Work instructions
Your output should be everything below from the line containing "鷺鳥在沙家浜國家濕地公園棲息(資料照片)。 新華社發" down to the line containing "Kocaeli Üniversitesi’nde (KOÜ)", both ends included, copied exactly, with pictures left out.

Source data
"""
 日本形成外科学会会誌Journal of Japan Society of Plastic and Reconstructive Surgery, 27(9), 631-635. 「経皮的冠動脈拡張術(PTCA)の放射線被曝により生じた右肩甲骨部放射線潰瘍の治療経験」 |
"""
"""
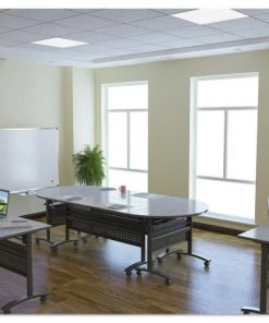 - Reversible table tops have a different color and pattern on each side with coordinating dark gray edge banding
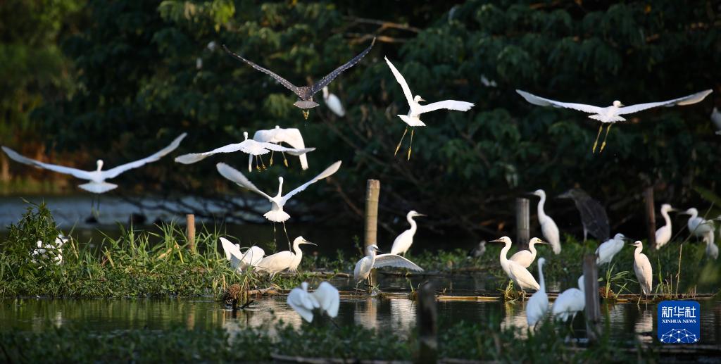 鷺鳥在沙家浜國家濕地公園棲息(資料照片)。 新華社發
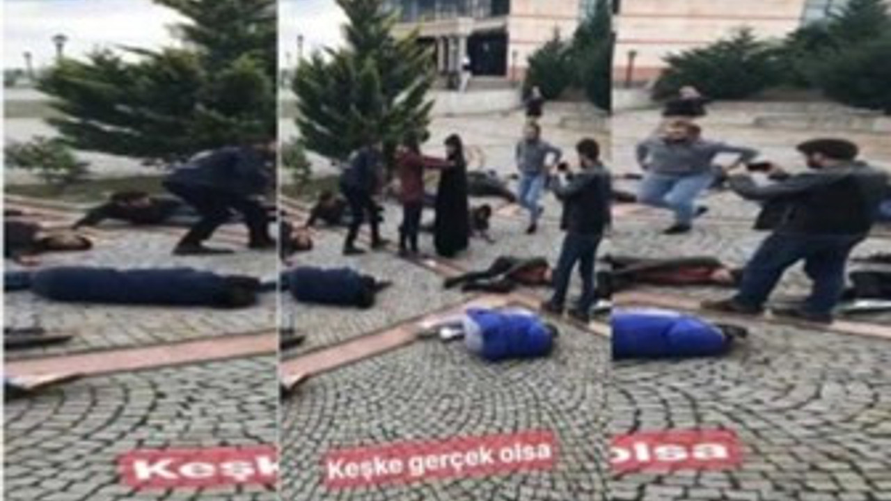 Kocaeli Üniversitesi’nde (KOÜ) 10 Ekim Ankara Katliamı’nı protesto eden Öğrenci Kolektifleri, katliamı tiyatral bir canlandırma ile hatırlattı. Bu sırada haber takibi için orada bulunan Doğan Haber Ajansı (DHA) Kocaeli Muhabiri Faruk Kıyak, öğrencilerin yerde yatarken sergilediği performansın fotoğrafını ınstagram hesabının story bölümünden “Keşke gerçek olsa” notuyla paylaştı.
"""
The answer
 鷺鳥在沙家浜國家濕地公園棲息(資料照片)。 新華社發
 Kocaeli Üniversitesi’nde (KOÜ) 10 Ekim Ankara Katliamı’nı protesto eden Öğrenci Kolektifleri, katliamı tiyatral bir canlandırma ile hatırlattı. Bu sırada haber takibi için orada bulunan Doğan Haber Ajansı (DHA) Kocaeli Muhabiri Faruk Kıyak, öğrencilerin yerde yatarken sergilediği performansın fotoğrafını ınstagram hesabının story bölümünden “Keşke gerçek olsa” notuyla paylaştı.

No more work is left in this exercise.